When retraining a model by loading a TensorFlow model, the initial validation losses are well above the values at the end of the previous training due to the optimizer states being reset when loading the model due to its compilation. After several searches, I still don’t understand how to continue training without having this problem. How do I do?
Hi @marcocintra, you can use tf.train.Checkpoint for saving both model and optimizer weights.
optimizer=tf.keras.optimizers.Adam()
model.compile(loss="categorical_crossentropy", optimizer=optimizer,metrics=['accuracy'])
checkpoint = tf.train.Checkpoint(model=model,optim=optim)
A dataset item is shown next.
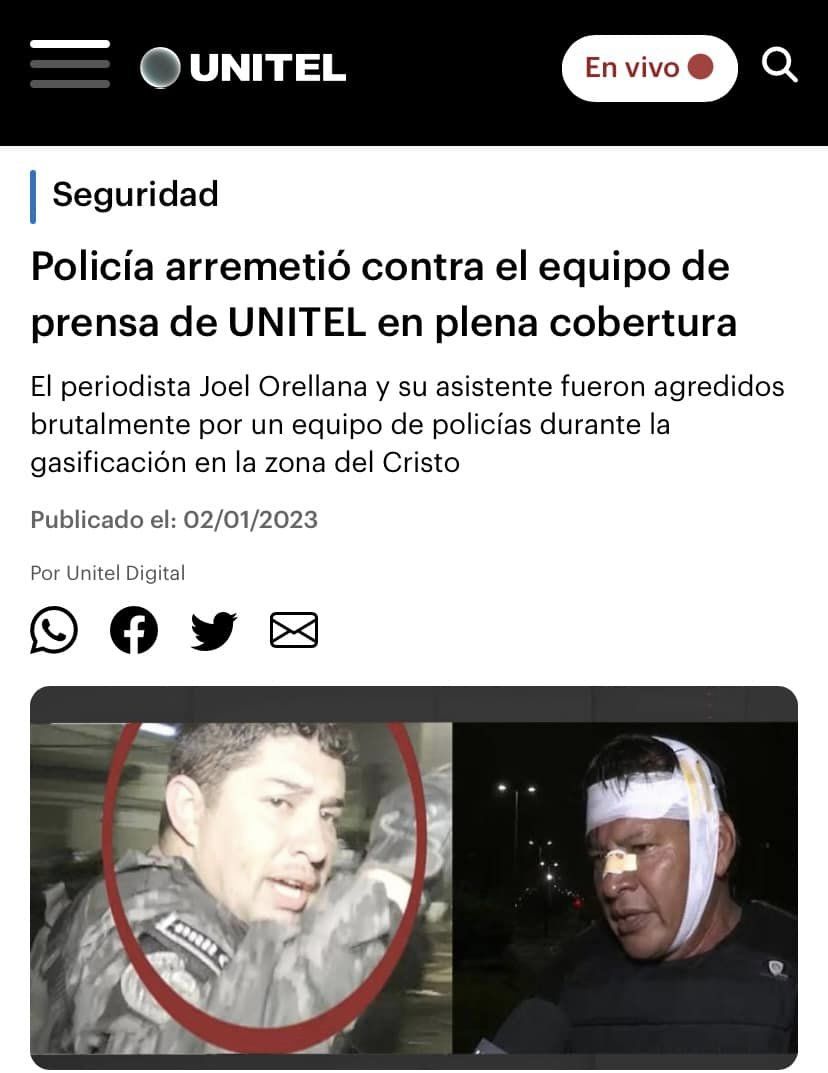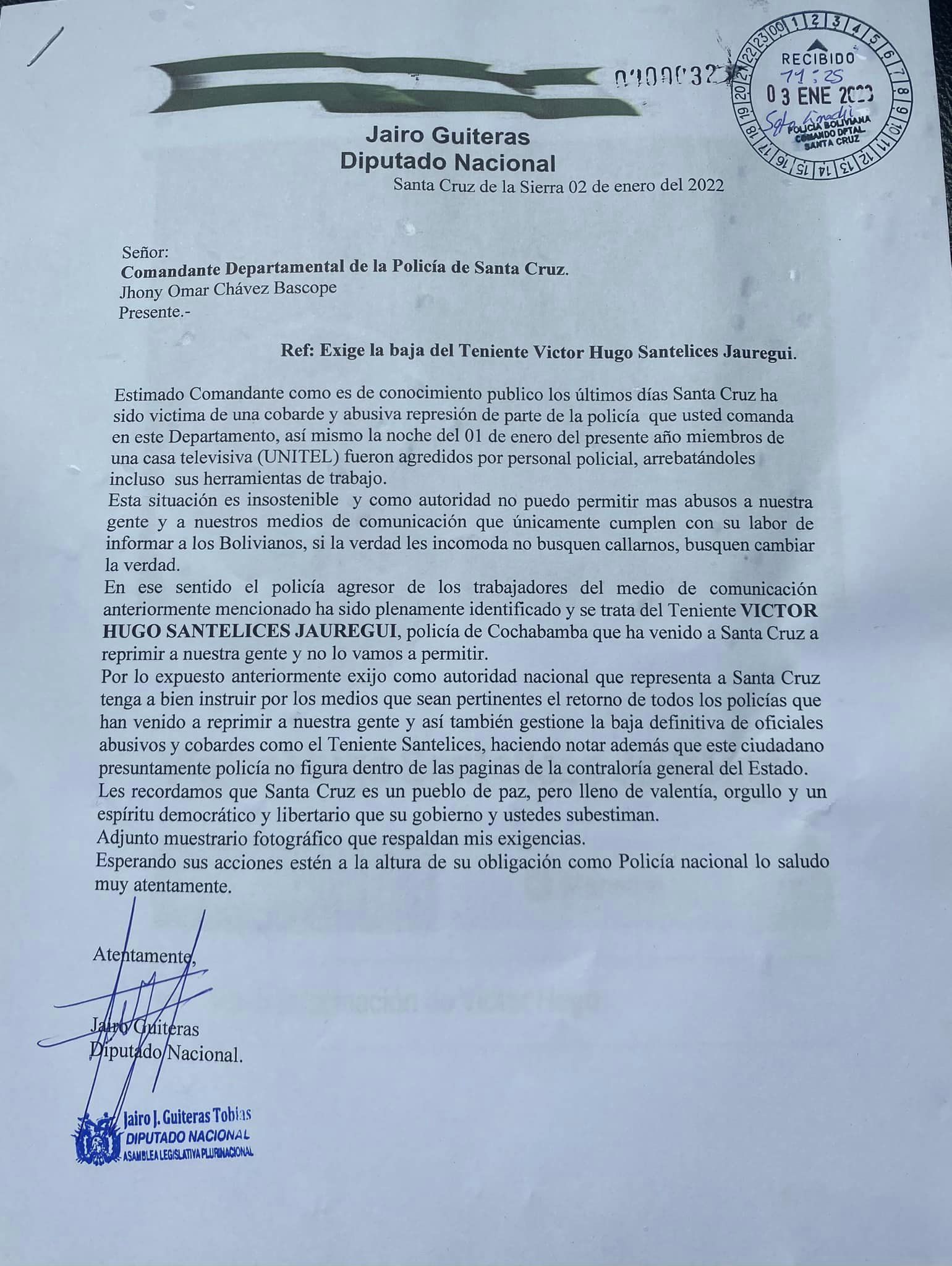 «Estoy saliendo del Comando Departamental de la Policía. Vine solo no en bollo como andan ellos. He dejado mi carta denunciando al Teniente Víctor Hugo Santelices Jáuregui Policía de Cochabamba encargado de reprimir a la prensa y a la gente en Santa Cruz», señaló el Diputado de Comunidad Ciudadana, Jairo Guiteras.

checkpoint.save(path='saved_model/ckpt-1')
Thank You.
Ok, thanks. Once I’ve saved a model checkpoint using ModelCheckpoint callback (from tensorflow.keras.callbacks import ModelCheckpoint) can I restore this checkpoint to retrain the model using tf.train.Checkpoint? If yes, how can I do it?
Hi @marcocintra, Once you have saved the model and optimizer state using tf.train.Checkpoints. you have define the new model with the same architecture as the previous model and restore the checkpoints to the new model and train the new model to continue training. For example, define new model
model1 = keras.Sequential([
keras.Input(shape=(28, 28, 1)),
keras.layers.Conv2D(32, kernel_size=(3, 3), activation='relu',),
keras.layers.MaxPooling2D(pool_size=(2, 2)),
keras.layers.Conv2D(64, kernel_size=(3, 3), activation='relu'),
keras.layers.MaxPooling2D(pool_size=(2, 2)),
keras.layers.GlobalAveragePooling2D(),
keras.layers.Dropout(0.5),
keras.layers.Dense(10, activation='softmax')
])
get last saved checkpoint
checkpoint_dir = './checkpoints'
latest_checkpoint = tf.train.latest_checkpoint(checkpoint_dir)
restore those checkpoints to new model
if latest_checkpoint:
checkpoint = tf.train.Checkpoint(optimizer=optimizer, model=model1)
checkpoint.restore(latest_checkpoint)
print(f"Restored from {latest_checkpoint}")
else:
print("No checkpoint found. Starting training from scratch.")
complie and train the model
model1.compile(loss='categorical_crossentropy', metrics=['accuracy'])
model1.fit(x_train, y_train, epochs=2)
Please refer to this gist for working code example. Thank You.